No Assignment. Neither party may assign, whether in writing or orally, or encumber its rights or obligations under this Agreement or permit the same to be transferred, assigned or encumbered by operation of law or otherwise, without the prior written consent of the other party.
Notices. All notices to be given hereunder shall be transmitted in writing either by electronic mail (email) with return confirmation of receipt or by certified or registered mail, return receipt requested, and shall be sent to the addresses identified below, unless notification of change of address is given in writing. Notice shall be effective upon receipt.
Modification/Waiver. This Agreement is our entire understanding and may not be modified in any respect except in a mutually-executed written addendum or any urgent extreme time sensitivity expenses paid by eCuras and electronically authorized by the Client. Failure by either party to enforce any right or seek to remedy any breach under this Agreement shall not be construed as a waiver of such rights nor shall a waiver by either party of default in one or more instances be construed as constituting a continuing waiver or as a waiver of any other breach.
Severability. Whenever possible, each provision of this Agreement shall be interpreted in such manner as to be effective and valid under applicable law, but if any provision of this Agreement is held invalid or unenforceable, the remainder of this Agreement shall nevertheless remain in full force and effect and the invalid or unenforceable provision shall be replaced by a valid or enforceable provision.
Headings.
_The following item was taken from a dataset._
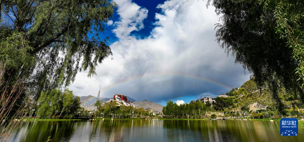 從拉薩團(tuán)結(jié)公園遠(yuǎn)眺彩虹下的布達(dá)拉宮(9月21日攝)。新華社記者 晉美多吉 攝

The numbering and captions of the various sections are solely for convenience and reference only and shall not affect the scope, meaning, intent or interpretation of the provisions of this Agreement nor shall such headings otherwise be given any legal effect.
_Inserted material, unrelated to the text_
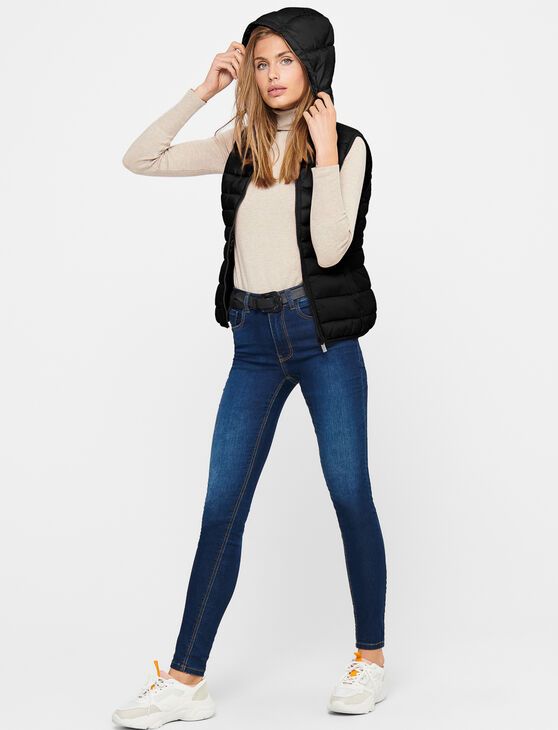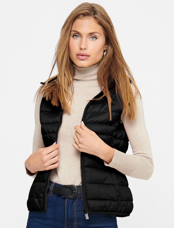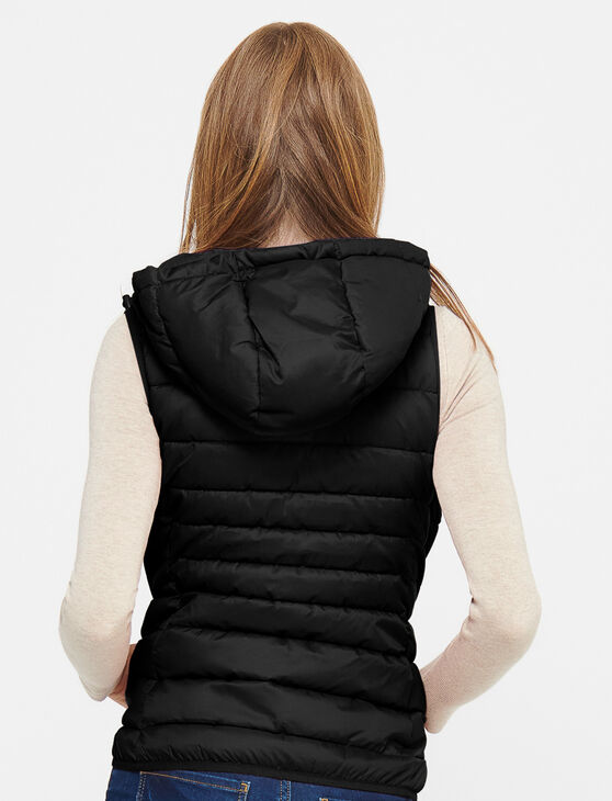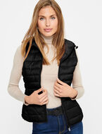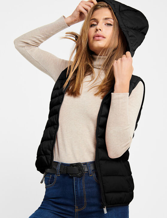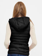 A hooded quilted vest, perfect for layering to add warmth and style to your mid-season outfits.

Integration. This Agreement comprises the entire understanding of the parties hereto on the subject matter herein contained, and supersedes and merges all prior and contemporaneous agreements, understandings and discussions between the parties relating to the subject matter of this Agreement. In the event there is a conflict between the provisions of this Agreement and the provisions of the Universal Terms of Service Agreement, the Proposal, or any other documents, the provisions of this Agreement shall control.